I have a system where I'm able to drag and resize DIVs. You can grab from the top and it will grow from the bottom. Grab from the bottom and it grows down from the top. Same with left, right, and corners.
This is all done with CSS width/height and translate(x,y) and works well.
Now I'm adding rotation and using something like this:
style="transform: translate(100px,100px) rotate(-30deg);width:100px;height:50px;"
Again, this is all good.
But when I change the width or height, the element shifts up/down or left/right.
See the following. The green div is the original, and the red one has the width expanded. You can see how it shifts.
<html>
<head>
<style>
body {
position: relative;
}
.thing {
position:absolute;
border: solid 1px #0f0;
transform: translate(100px, 100px) rotate(-30deg);
}
.thing2 {
position:absolute;
border: solid 1px #f00;
transform: translate(100px, 100px) rotate(-30deg);
}
</style>
</head>
<body>
<div class="thing" style="width:100px;height:50px;"></div>
<div class="thing2" style="width:150px;height:50px;"></div>
</body>
</html>I know I need to recalculate the top/left based on trig, but haven't found the right calculations to make it work.

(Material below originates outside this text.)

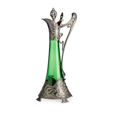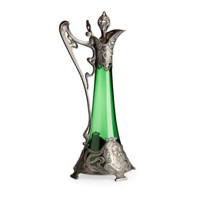 PLATED AND GLASS CLARET JUG, CIRCA 1900
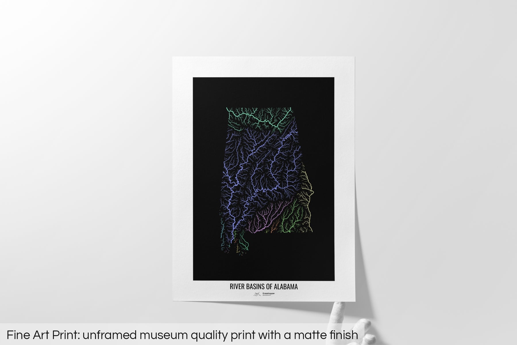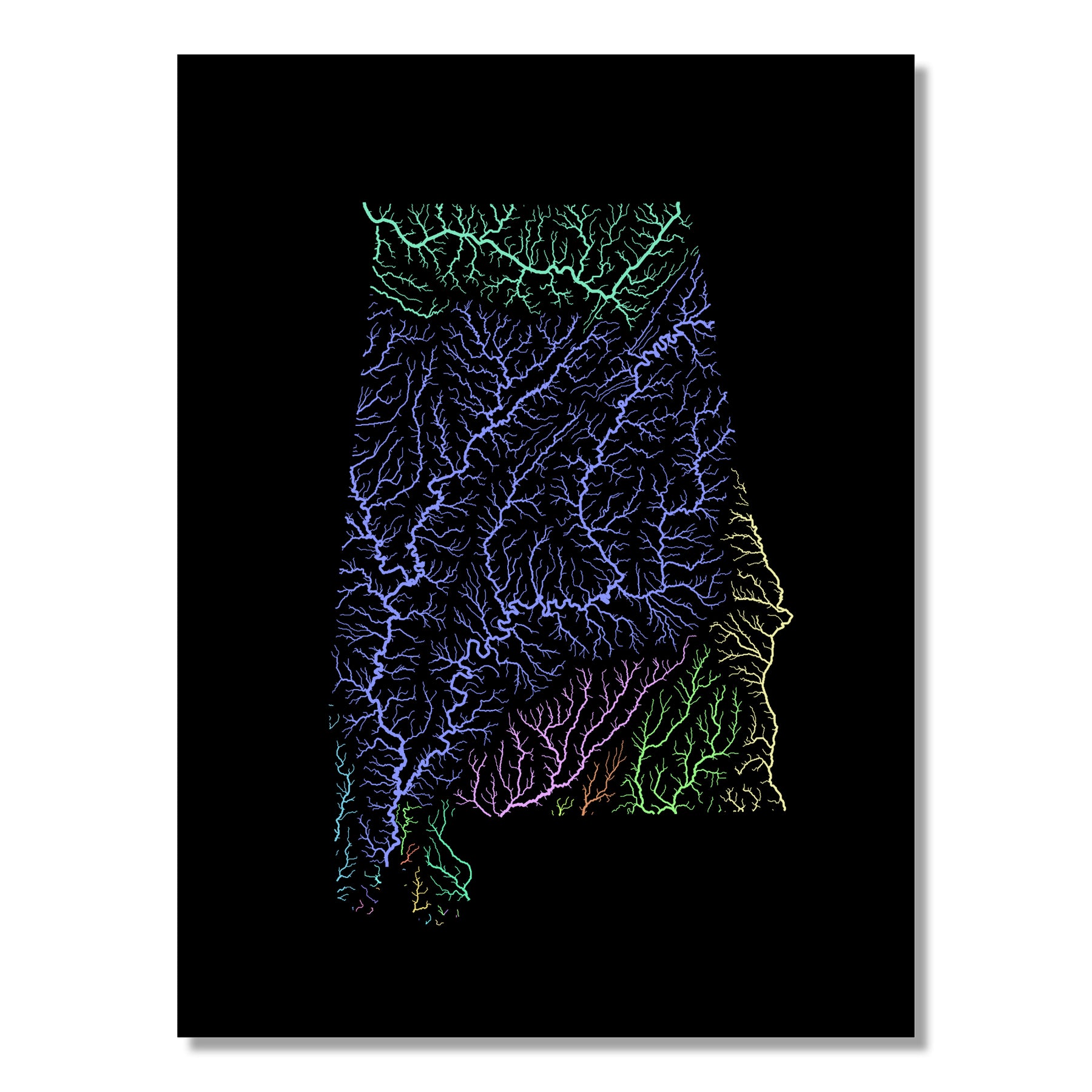 Alabama - River basin map, pastel colours - Wall Art

Also, I'd like to keep the rotation pivot around the center, so I can't just change the pivot point to one of the corners.
I'll post an answer here in case anyone else hits this problem.
After locating this post: https://www.py4u.net/discuss/914662 the math is a little more clear.
It first grabs the location of the object along with the rotation, then for the new position it gets the location and then calculates the diff. Here's my functionalized version:
function calcNewPos(curr_x, curr_y, curr_w, curr_h, new_w, new_h, angle) {
// convert angle to radians
angle = angle * Math.PI / 180
//initial position.
let pos = {left: curr_x, top: curr_y};
//Get position after rotation with original size
let x = -curr_width/2;
let y = curr_height/2;
let new_x = y * Math.sin(angle) + x * Math.cos(angle);
let new_y = y * Math.cos(angle) - x * Math.sin(angle);
let p1 = {left: new_x - x, top: new_y - y};
//Get position after rotation with new size
x = -new_w/2;
y = new_h/2;
new_x = y * Math.sin(angle) + x * Math.cos(angle);
new_y = y * Math.cos(angle) - x * Math.sin(angle);
let p2 = {left: new_x - x, top: new_y - y};
//Get the difference between the two positions
let offset = {left: p2.left - p1.left, top: p2.top - p1.top};
//Calculate the correction
return {left: pos.left - offset.left, top: pos.top + offset.top};
}
I'm sure the math could be reduced in size, but this example lays it out there in an easy to understand way.